■ **EXERCISE INSTRUCTIONS**
In the listing that follows, the lines starting at the one containing "Monumento a stele" and ending at the one containing "Hemicolinium-3 (HC-3) is" are to be returned exactly, both boundary lines included, and no others.

===== DATA SUPPLIED

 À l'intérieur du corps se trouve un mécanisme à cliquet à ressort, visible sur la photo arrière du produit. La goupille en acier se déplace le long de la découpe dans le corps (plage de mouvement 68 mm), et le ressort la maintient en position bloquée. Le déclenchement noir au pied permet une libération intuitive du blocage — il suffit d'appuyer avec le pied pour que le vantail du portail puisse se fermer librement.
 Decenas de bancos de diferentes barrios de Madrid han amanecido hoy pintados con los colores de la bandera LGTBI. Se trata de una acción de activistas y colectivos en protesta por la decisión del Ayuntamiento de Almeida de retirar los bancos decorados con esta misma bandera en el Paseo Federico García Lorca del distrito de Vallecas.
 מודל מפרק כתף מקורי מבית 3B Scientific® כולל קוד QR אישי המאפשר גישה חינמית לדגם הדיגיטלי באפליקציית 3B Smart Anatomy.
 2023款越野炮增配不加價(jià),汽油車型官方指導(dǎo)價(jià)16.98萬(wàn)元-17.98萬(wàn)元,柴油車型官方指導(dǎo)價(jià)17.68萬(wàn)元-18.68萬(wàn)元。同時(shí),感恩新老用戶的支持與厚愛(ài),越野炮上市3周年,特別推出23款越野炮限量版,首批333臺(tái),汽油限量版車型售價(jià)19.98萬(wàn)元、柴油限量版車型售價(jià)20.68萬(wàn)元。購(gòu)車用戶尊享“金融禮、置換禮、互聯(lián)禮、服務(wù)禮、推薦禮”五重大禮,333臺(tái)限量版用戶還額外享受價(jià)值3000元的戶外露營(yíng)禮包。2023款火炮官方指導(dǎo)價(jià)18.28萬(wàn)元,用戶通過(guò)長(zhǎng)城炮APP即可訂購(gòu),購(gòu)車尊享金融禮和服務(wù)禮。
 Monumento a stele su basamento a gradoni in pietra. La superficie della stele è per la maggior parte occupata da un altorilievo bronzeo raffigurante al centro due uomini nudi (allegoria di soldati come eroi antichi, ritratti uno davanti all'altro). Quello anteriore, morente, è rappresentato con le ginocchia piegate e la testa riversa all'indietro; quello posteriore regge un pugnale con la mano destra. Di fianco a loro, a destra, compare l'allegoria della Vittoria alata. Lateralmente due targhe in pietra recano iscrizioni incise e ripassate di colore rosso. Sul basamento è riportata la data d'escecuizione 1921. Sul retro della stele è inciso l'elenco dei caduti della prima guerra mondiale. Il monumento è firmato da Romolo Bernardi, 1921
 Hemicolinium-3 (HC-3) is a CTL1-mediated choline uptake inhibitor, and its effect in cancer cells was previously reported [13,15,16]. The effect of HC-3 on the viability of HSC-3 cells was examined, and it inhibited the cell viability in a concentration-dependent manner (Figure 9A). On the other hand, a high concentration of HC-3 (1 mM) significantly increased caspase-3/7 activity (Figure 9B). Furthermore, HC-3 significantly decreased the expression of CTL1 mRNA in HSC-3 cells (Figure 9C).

==========
===== DATA SUPPLIED

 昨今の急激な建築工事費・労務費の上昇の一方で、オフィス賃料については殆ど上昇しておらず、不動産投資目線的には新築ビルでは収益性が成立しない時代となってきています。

==========
===== DATA SUPPLIED

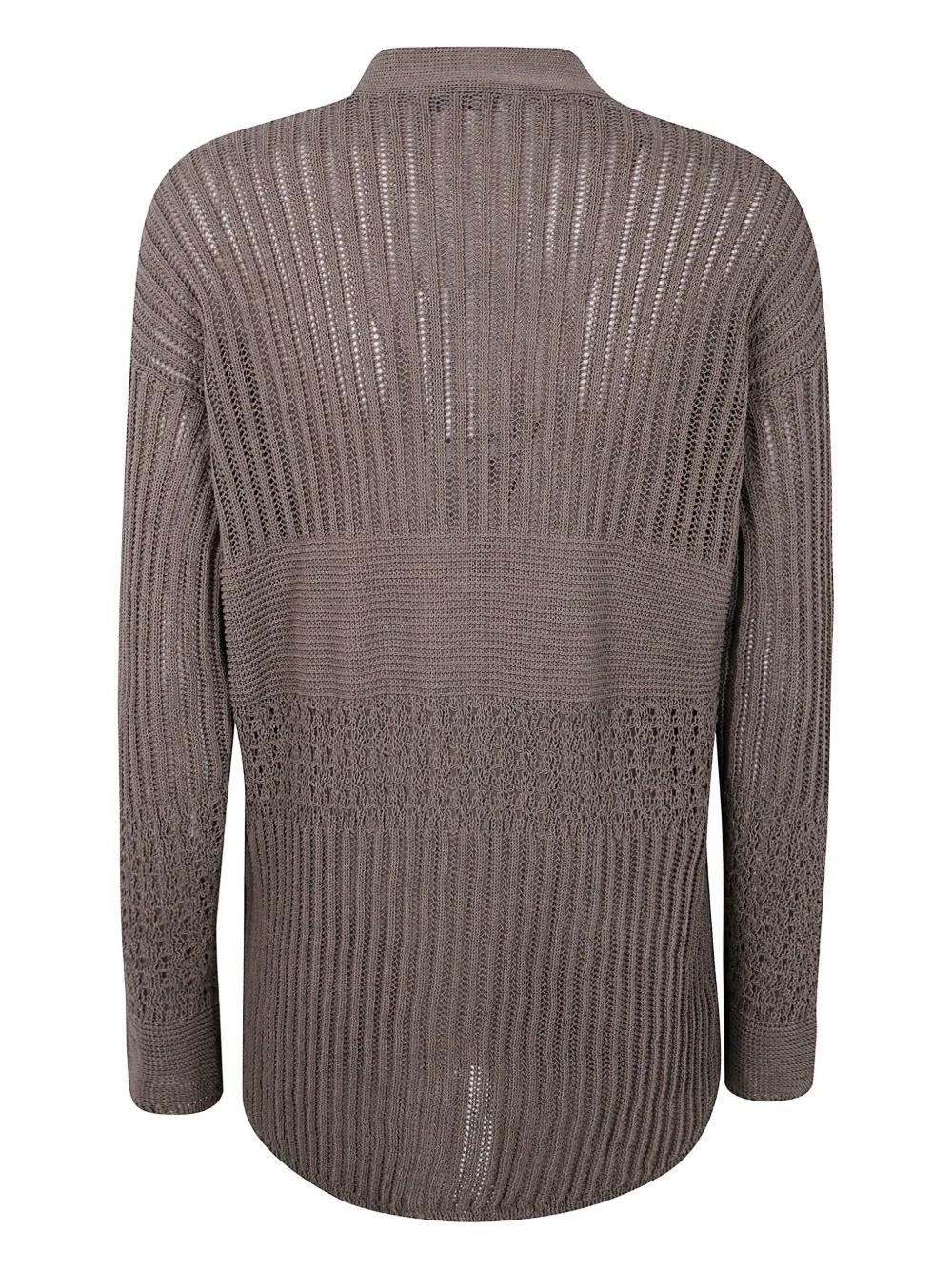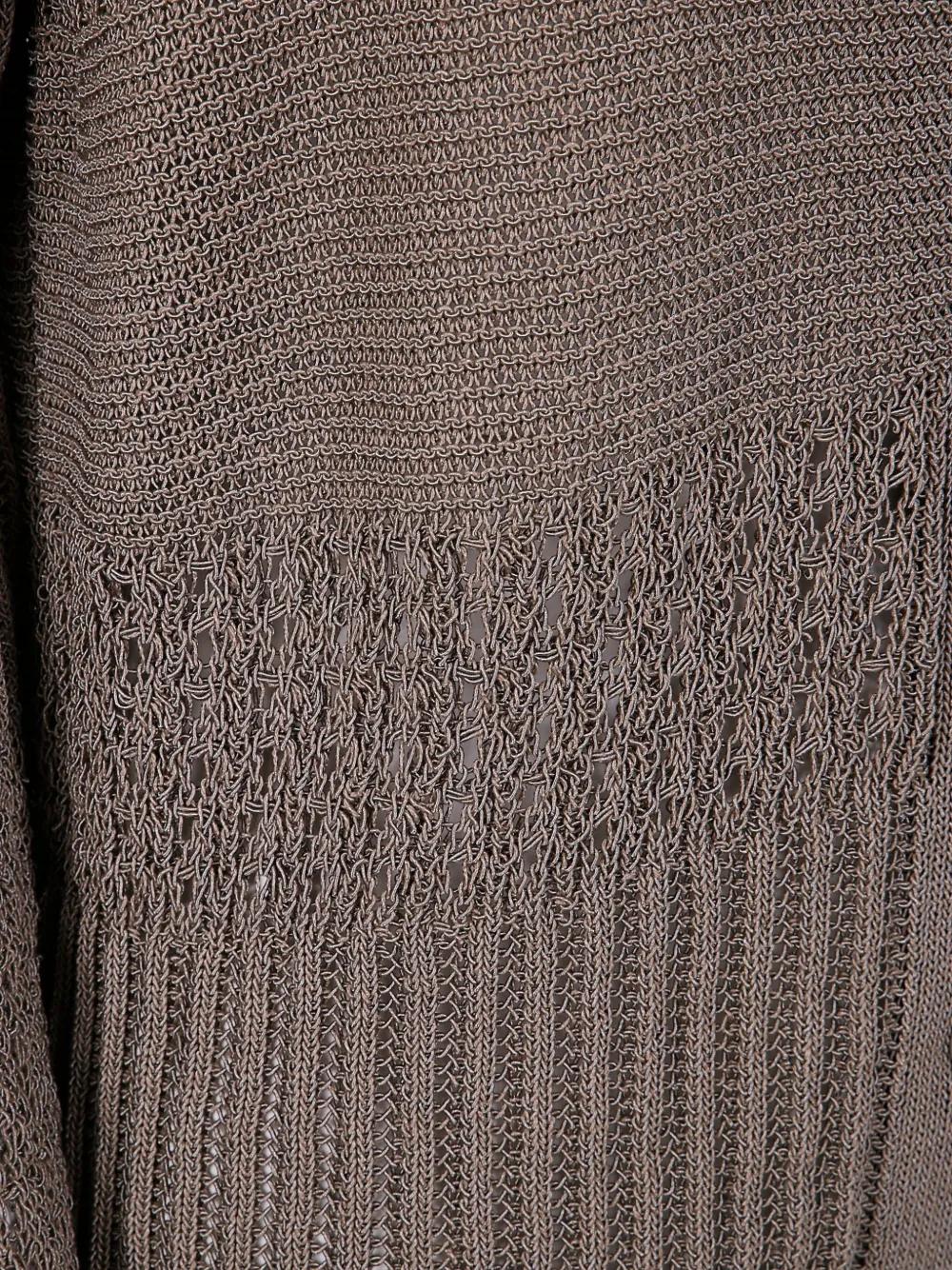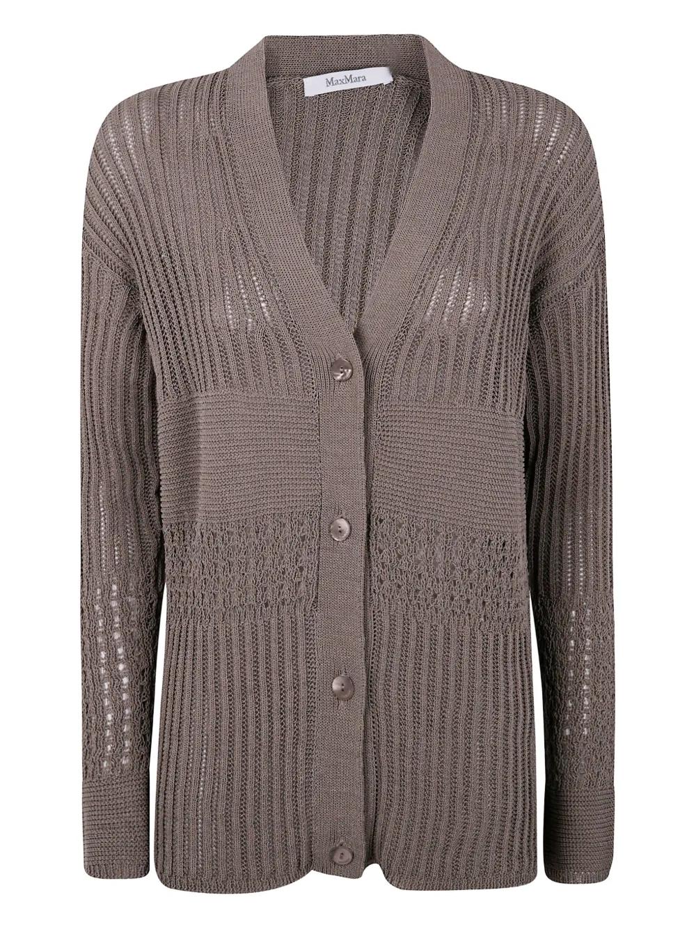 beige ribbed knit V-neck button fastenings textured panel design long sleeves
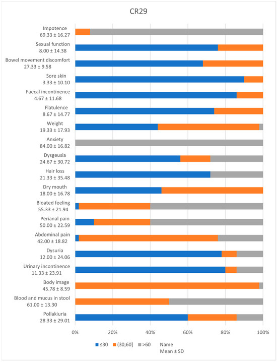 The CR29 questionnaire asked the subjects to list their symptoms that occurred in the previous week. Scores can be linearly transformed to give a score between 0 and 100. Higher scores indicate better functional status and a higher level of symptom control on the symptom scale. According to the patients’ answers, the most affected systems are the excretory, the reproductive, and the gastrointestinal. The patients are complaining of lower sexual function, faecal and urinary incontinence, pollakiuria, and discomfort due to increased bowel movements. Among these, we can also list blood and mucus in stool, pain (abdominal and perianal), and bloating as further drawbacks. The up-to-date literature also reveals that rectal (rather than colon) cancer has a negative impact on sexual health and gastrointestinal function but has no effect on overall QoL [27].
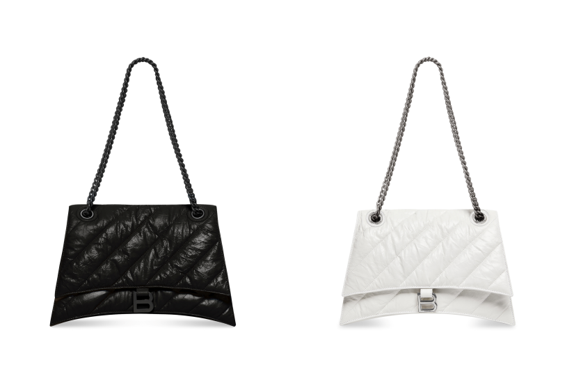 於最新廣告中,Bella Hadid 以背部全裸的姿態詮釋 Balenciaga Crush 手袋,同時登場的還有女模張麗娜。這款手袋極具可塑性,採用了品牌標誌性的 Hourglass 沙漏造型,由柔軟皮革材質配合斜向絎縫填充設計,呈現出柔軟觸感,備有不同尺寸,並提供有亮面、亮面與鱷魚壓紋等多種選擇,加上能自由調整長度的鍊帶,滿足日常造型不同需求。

==========

■ **RESPONSE BOX**
 Monumento a stele su basamento a gradoni in pietra. La superficie della stele è per la maggior parte occupata da un altorilievo bronzeo raffigurante al centro due uomini nudi (allegoria di soldati come eroi antichi, ritratti uno davanti all'altro). Quello anteriore, morente, è rappresentato con le ginocchia piegate e la testa riversa all'indietro; quello posteriore regge un pugnale con la mano destra. Di fianco a loro, a destra, compare l'allegoria della Vittoria alata. Lateralmente due targhe in pietra recano iscrizioni incise e ripassate di colore rosso. Sul basamento è riportata la data d'escecuizione 1921. Sul retro della stele è inciso l'elenco dei caduti della prima guerra mondiale. Il monumento è firmato da Romolo Bernardi, 1921
 Hemicolinium-3 (HC-3) is a CTL1-mediated choline uptake inhibitor, and its effect in cancer cells was previously reported [13,15,16]. The effect of HC-3 on the viability of HSC-3 cells was examined, and it inhibited the cell viability in a concentration-dependent manner (Figure 9A). On the other hand, a high concentration of HC-3 (1 mM) significantly increased caspase-3/7 activity (Figure 9B). Furthermore, HC-3 significantly decreased the expression of CTL1 mRNA in HSC-3 cells (Figure 9C).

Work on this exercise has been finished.